Catch up quick with the bookish news of the past few days ... or take a deeper dive into each story. Your choice!  

  • Read an excerpt of Patricia Lockwood's new release, Will There Ever Be Another You (Literary Hub).

  • A federal judge tossed out Donald Trump's lawsuit targeting The New York Times, four of its reporters, and Penguin Random House — which published a book written by two of those reporters — on Friday, saying that the complaint as filed was “improper and impermissible” (The New York Times). 

  • With the school year barely under way, twenty-one US colleges have received false reports of active shooters on campus, with many of these hoaxes claiming the culprit is in the library (Inside Higher Ed).

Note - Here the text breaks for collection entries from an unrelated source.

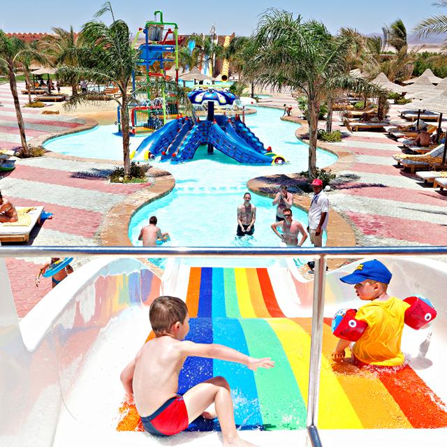 Dit ruim opgezette hotel is er een van vele hoogtepunten. Zo is er een uitstekend all inclusive programma met spannende themabuffetten en live cooking, een geheel nieuwe peanutsbar, een shishabar waar je waterpijp kunt roken en een uitgestrekt privéstrand. Maar voor de meeste vakantiegangers zorgt het grandioze zwemparadijs toch wel voor de meeste opwinding. Met spectaculaire waterglijbanen en hilarische waterspellen beleeft jong en oud ongekend veel waterplezier. Wil je er een keer op uit? Neem dan op vrijdag de shuttlebus van het hotel naar de gezellige jachthaven ‘Port Ghalib’.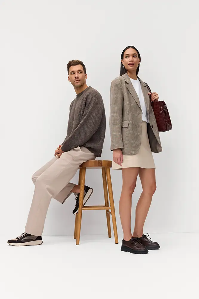 El mes de agosto introduce un imaginario más cálido, inspirado en la conexión con la naturaleza. Una paleta de colores marcada por tonos mocca, marrón, taupe y burdeos da vida a sneakers y botines Chelsea elaborados en serraje de textura suave.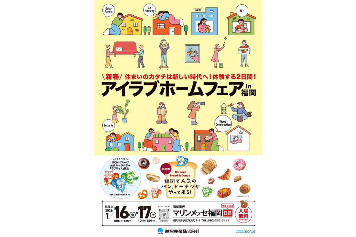 「アイラブホームフェア2026」は、住宅設備や建材の最新情報を一度に見て・聞いて・相談できる、福岡エリア屈指の住宅総合イベントです。大手メーカーの製品展示や補助金情報、専門家による無料セミナーに加え、人気のパン&ドーナツ店も出店するなど、ご家族そろって楽しめる内容が満載。

  • Author Richard Beard has written and shared a memoir in the style of a chessboard; the publication, called The Universal Turing Machine, shares its name with a project inviting the public to contribute their own similarly templated memoir (The Guardian).

  • A group is raising funds to save the collection of longtime Kansas City bookstore Willa’s Books & Vinyl, whose owner closed up shop in July; members of the Kansas City Defender are hoping to build a public archive out of it (The Washington Post).

  • Writer Jack Henry Abbott was captured on this day in 1981, two months after he had fatally stabbed a man; Abbott was a career criminal who had charmed author Norman Mailer, whose influence helped Abbott find a publisher for his book (History.com).